Figure 2. Knockdown of PRMT5 expression using lentiviral CRISPR/Cas9 decreased symmetric but not asymmetric arginine dimethylation in immortalized progenitors. (A) Western blots documenting the levels of PRMT5 protein in cytosolic and nuclear protein extracts from immortalized progenitors infected with PRMT5-CRISPR lentiviruses or EGFP-CRISPR as control. (B) Quantification of PRMT5 protein levels in cytosolic and nuclear fractions of EGFP-CRISPR control and PRMT5-CRISPR cells. PRMT5 levels in both the cytosolic and nuclear fractions were normalized to GAPDH (C,D) Western blot performed with the same protein extracts as (A) but probed with antibodies specific for symmetrically dimethylated arginine residues (Rme2s) (C) and asymmetrically dimethylated arginine residues (Rme2a) (D).

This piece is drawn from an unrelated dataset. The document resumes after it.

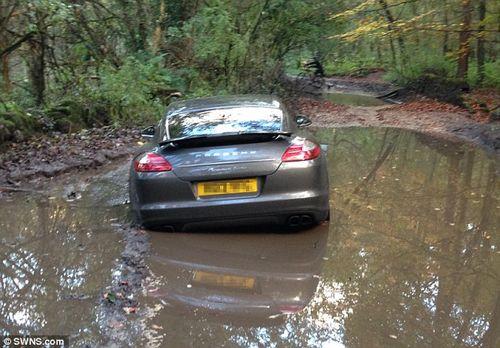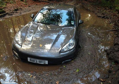 图一,价值10万英镑(97.6万元人民币)的保时捷被困在泥潭中,Andre Wisdom 曾在社交网络上夸耀的爱车,如今身处距离主干道3英里的偏僻森林中的一个泥潭。

Figure 3. iTRAQ-based proteomics analysis reveals potential substrates of PRMT5 in immortalized progenitors. (A) Schematic diagram of the experimental design and workflow of iTRAQ labeling and LC-MS/MS analysis of cytosolic and nuclear extracts from PRMT5 knockdown and EFGP CRISPR controls. (B) Flow chart of data analysis after iTRAQ-based proteomic. (C) Volcano plot of the 307 immunoaffinity enriched peptides with symmetrically dimethylated arginine residues in control cells, relative to PRMT5-CRISPR cells. On the X axis are values of Log2 (PRMT5-KD/control) and on Y axis are the -log10 (p-values). The red dots represent peptides with fold change < -1 or > 1 and with p-value < 0.05. The gray dots represent peptides outside these intervals and level of significance. The plot was generated by combining all the peptides detected in nuclear and cytoplasmic fractions. (D) List of the PRMT5 substrates identified after analysis of the iTRAQ datasets generated with nuclear and cytosolic extracts from oligodendrocyte lineage cells. (E) Molecular functions of PRMT5 non-histone substrates identified in the cytosolic (left) and nuclear (right) fractions. Gene ontology analysis was performed using DAVID software.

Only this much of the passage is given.